In order to track all of the volunteers and their training completions, Olman was aided by Silke Moeller, academic technologist in the Department of Psychology at the University. Moeller helped Olman set up a Canvas site, which is now doing all that work for her. Olman stressed that when you have to do a “pandemic pivot,” it’s important to be nimble, which Moeller was able to help facilitate.
Why is Classroom Partners Important?
Even though Murray Middle School is situated in the affluent neighborhood of St. Anthony Park, 58.5% of its student body qualifies for free and reduced lunch. Olman stated,
The public schools do not have the resources they need to do the job….You need equitable funding, reasonable class sizes..but we don’t live in that world. We can’t not educate the next generation and we can’t only educate the rich kids. This [program] might be a band-aid, but why not take advantage of all the resources we have? [Murray] is a 3-minute walk from the University. If this school can’t make up for it, what school can?

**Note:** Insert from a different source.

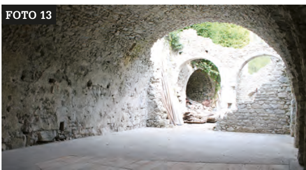
Foto 12-13: vedute del grande ambiente voltato al termine dei lavori. Arch. G. Gentilini.

Olman believes that by simply providing extra human resources in the classroom, who take direction from and subordinate themselves to the teachers, they can positively impact student success. Also, the middle schoolers look up to these University student volunteers, which matters because Olman hopes it will help the younger students envision themselves there someday. Pipelines don’t just happen. Rather, they are built through relationships, community, and creating space where one is free to ask questions.
In addition to hopefully benefitting the middle schoolers, Olman suspects that the University student volunteers too will be positively impacted. Toward that end, volunteers participate in weekly reflection circles in small groups. These groups are designed to support experiential learning by giving volunteers space to reflect on their experiences and use them to create new plans for impacting the world around them. Additionally, Olman and Seth Thompson, Director of Outreach in the College of Biological Sciences, are partnering with Murray to create an assessment structure that will help measure the impact of the support on both middle school students and University students.
Classroom Partners will start joining classrooms the week of October 12. Olman is eager to watch the relationships grow and to learn more about how the University can support the leadership at Murray Middle School as they teach the next generation how to work for positive change in their world.
Cheryl Olman is an Associate Professor in the Department of Psychology at the University of Minnesota. In 2019, she was awarded the Horace T. Morse-University of Minnesota Alumni Association Award for Outstanding Contributions to Undergraduate Education.